E. Appropriateness of Injunctive Relief.

Cessna argues injunctive relief is inappropriate because Mellon has not alleged any damages that can be avoided through injunctive relief and because Cessna has legitimate safety concerns. The court has previously held that material questions of fact exist as to the amount of Mellon's damages and the safety justifications for Cessna's actions.

Mellon argues, and the court agrees, that it is reasonable to assume that a plane partially serviced by Cessna would suffer less loss in value than one receiving all its service elsewhere. Thus, it is possible that Mellon could obtain some actual relief through an injunction.

In addition, the court may find that Cessna has no legitimate safety concerns. If that turns out to be the case, the court may find injunctive relief appropriate. Accordingly, Cessna is not entitled to summary judgment because Mellon seeks only injunctive relief on his antitrust claims.

NOTES

[1] Cessna's statement of facts contains interpretations of governmental regulations. However, Mellon does not dispute Cessna's interpretations, so the court treats these interpretations as accurate for summary judgment purposes.

In its reply brief, Cessna objects to Mellon's practice of stating the fact which he wishes to infer from the evidence, then identifying the evidence which he claims supports the inference. Cessna argues this practice violates D.Kan.R. 56.1 and asks the court to disregard all such inferences. The court does not consider Mellon's practice to be in violation of the local rule. Where the cited facts reasonably support the inference, the court presumes, as it must in the summary judgment stage, that Mellon's inference is true. Mellon's approach actually makes it easier for the court to evaluate the significance of the cited facts and the reasonableness of the inference. The court notes that Cessna followed a similar practice. See e.g., Cessna's Statement of Undisputed Facts ¶¶ 48, 49, 104.

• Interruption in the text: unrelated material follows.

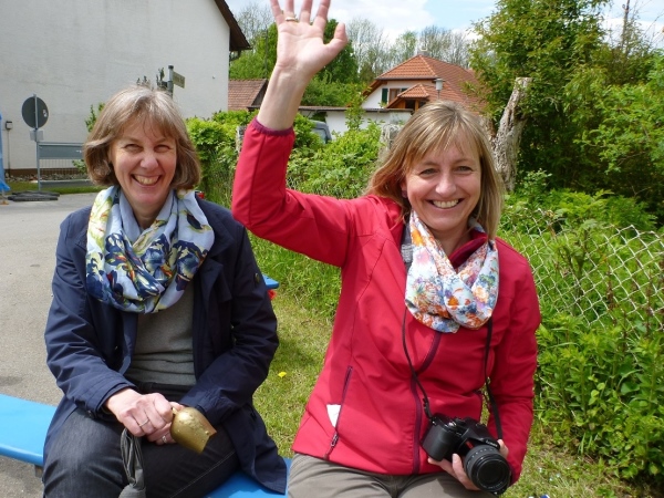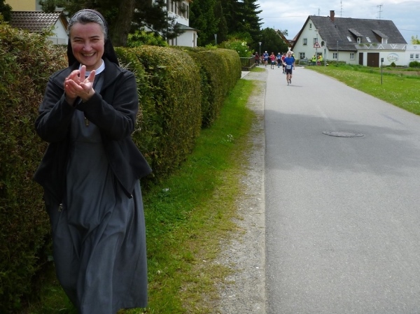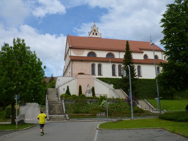 Am Schulhaus in Tannweiler haben wir schon neun Kilometer hinter uns gebracht. An der Absperrung stehen zwei Polizisten, die uns zuwinken. Nach weiteren zwei Kilometern verlassen wir ein Waldstück und in der Ferne sehen wir den Stadtteil Reute. Das Ortsbild prägen die Bauten des Franziskanerinnenklosters. Elisabeth Achler war eine der fünf Gründerinnen im Jahr 1403, man nennt sie heute auch Gute Beth.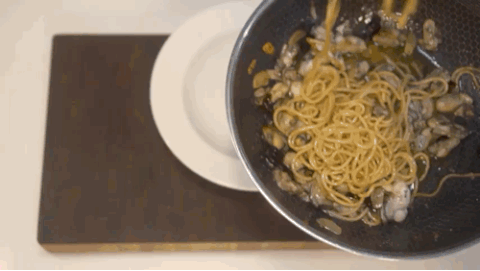 노릇노릇 마늘이 익어갈쯤 삶은 면을 넣고, 굴을 넣고 볶아주다가 면수를 한 국자 넣고 소금넣으면 끝!

[2] Cessna cites other factors Mellon considered, as well as other planes. This does not mean that Mellon did not consider the availability of Cessna service as a factor.

[3] Cessna purports to contradict this assertion, but instead makes other factual assertions which do not contradict Mellon's assertion that he asked Knapp whether Cessna would continue to perform major maintenance and phase inspections on the plane if he had it modified.

[4] Cessna disputes this fact, but Mellon has cited admissible evidence from which it is reasonable to conclude that Cessna initially refused to provide any service to modified aircraft.

[5] Presumably, Cessna is arguing that the pro-competitive effects in the service area mean that Cessna cannot have intended to monopolize the sales area. Cessna does not even argue that the lost profit in the service area exceeds the profit gained from the alleged increase in sales attributable to the Service Letter.